Leaving out pictures, output exactly the lines below from the one that has "有个需要注意的点:这里只能双击节点名称才能添加,双击节点名称下面的Tx Messages,Rx Messages,Mapped" through the one that has "Dodgers Sign New", and nothing else.

## [Listed records]

---

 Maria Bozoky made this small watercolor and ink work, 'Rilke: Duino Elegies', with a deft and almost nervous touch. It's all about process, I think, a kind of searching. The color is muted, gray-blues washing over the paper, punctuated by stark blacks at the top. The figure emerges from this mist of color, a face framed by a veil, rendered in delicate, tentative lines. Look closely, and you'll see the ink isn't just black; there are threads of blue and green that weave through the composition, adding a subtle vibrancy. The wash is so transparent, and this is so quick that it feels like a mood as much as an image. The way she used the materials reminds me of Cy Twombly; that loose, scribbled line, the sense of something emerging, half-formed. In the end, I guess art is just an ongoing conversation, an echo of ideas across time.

---

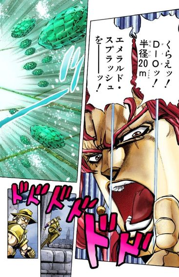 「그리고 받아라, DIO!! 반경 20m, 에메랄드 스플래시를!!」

---

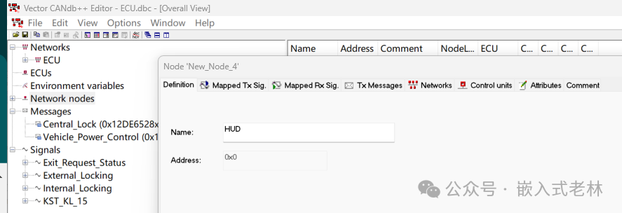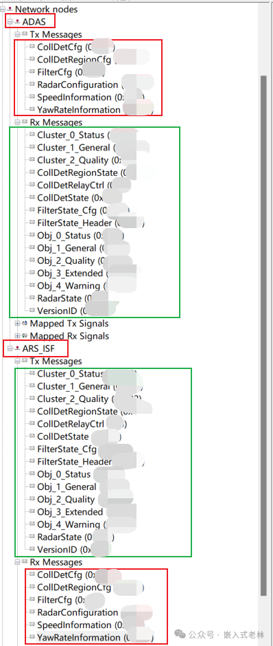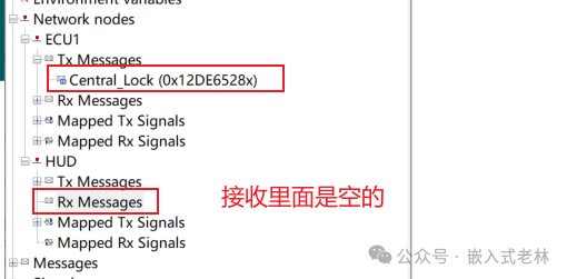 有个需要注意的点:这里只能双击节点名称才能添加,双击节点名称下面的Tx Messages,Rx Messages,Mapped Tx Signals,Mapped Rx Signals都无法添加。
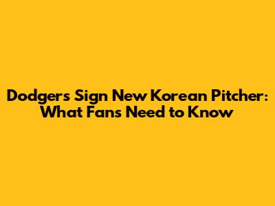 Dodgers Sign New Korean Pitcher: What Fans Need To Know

---

## [Output for this exercise]
 有个需要注意的点:这里只能双击节点名称才能添加,双击节点名称下面的Tx Messages,Rx Messages,Mapped Tx Signals,Mapped Rx Signals都无法添加。
 Dodgers Sign New Korean Pitcher: What Fans Need To Know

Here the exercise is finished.